*** Opening of Source material ***
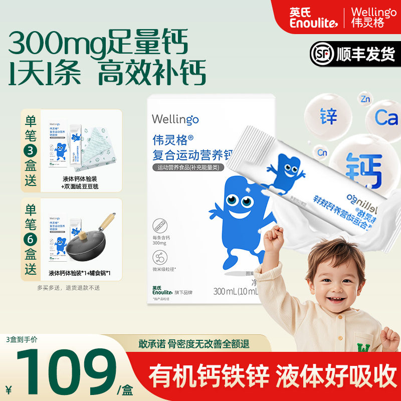 英氏偉靈格兒童液體鈣鐵鋅補鈣補鋅三合一送嬰幼兒寶寶食譜
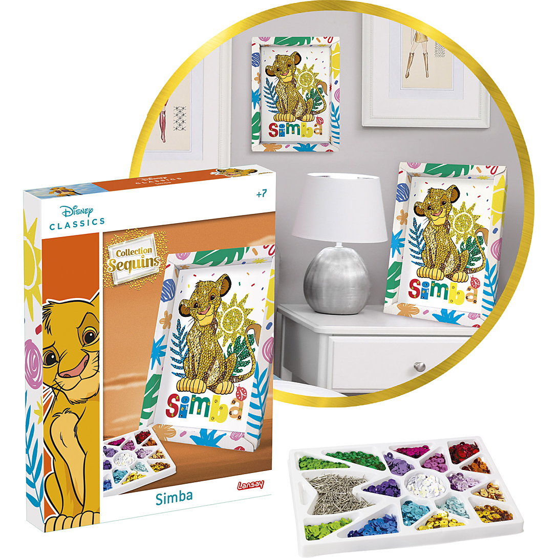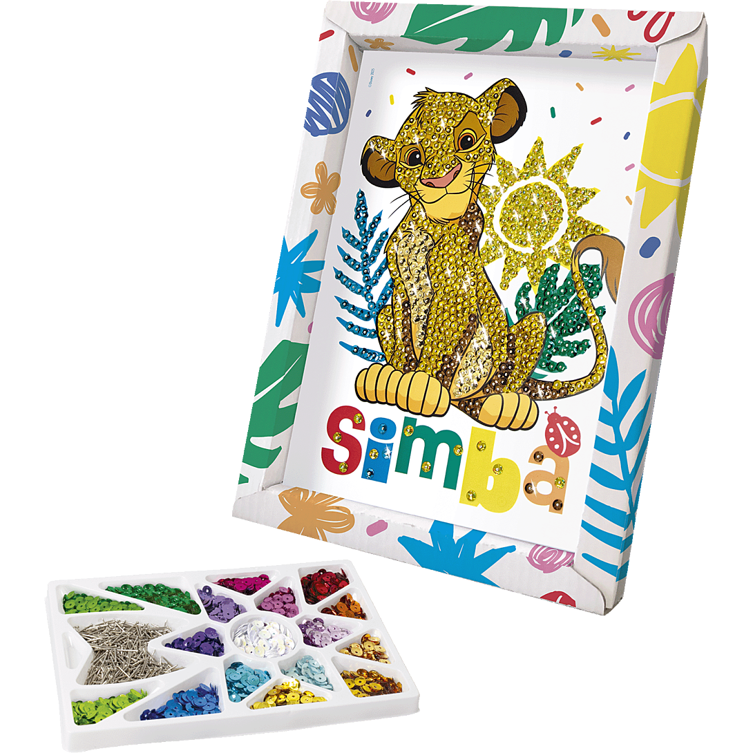 Crée un tableau scintillant en sequins de Simba ! Un compartiment à sequins t'aidera à ranger les sequins fournis sans les mélanger ! Dès 7 ans.
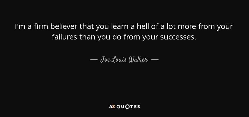 I'm a firm believer that you learn a hell of a lot more from your failures than you do from your successes.
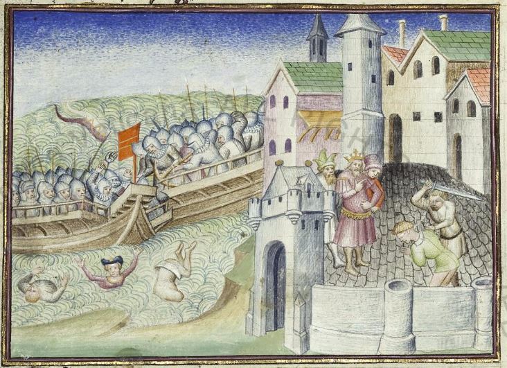 Maestro della Cité des Dames (1414-1419), Gerbino abborda la nave della figlia del re di Tunisi; Gerbino viene decapitato
*** Close of Source material ***
:: Goal of the exercise ::
Output only the lines from the line that contains "Crée un tableau" through the end of the material, both ends included, and skip every picture.

:: Answer area ::
 Crée un tableau scintillant en sequins de Simba ! Un compartiment à sequins t'aidera à ranger les sequins fournis sans les mélanger ! Dès 7 ans.
 I'm a firm believer that you learn a hell of a lot more from your failures than you do from your successes.
 Maestro della Cité des Dames (1414-1419), Gerbino abborda la nave della figlia del re di Tunisi; Gerbino viene decapitato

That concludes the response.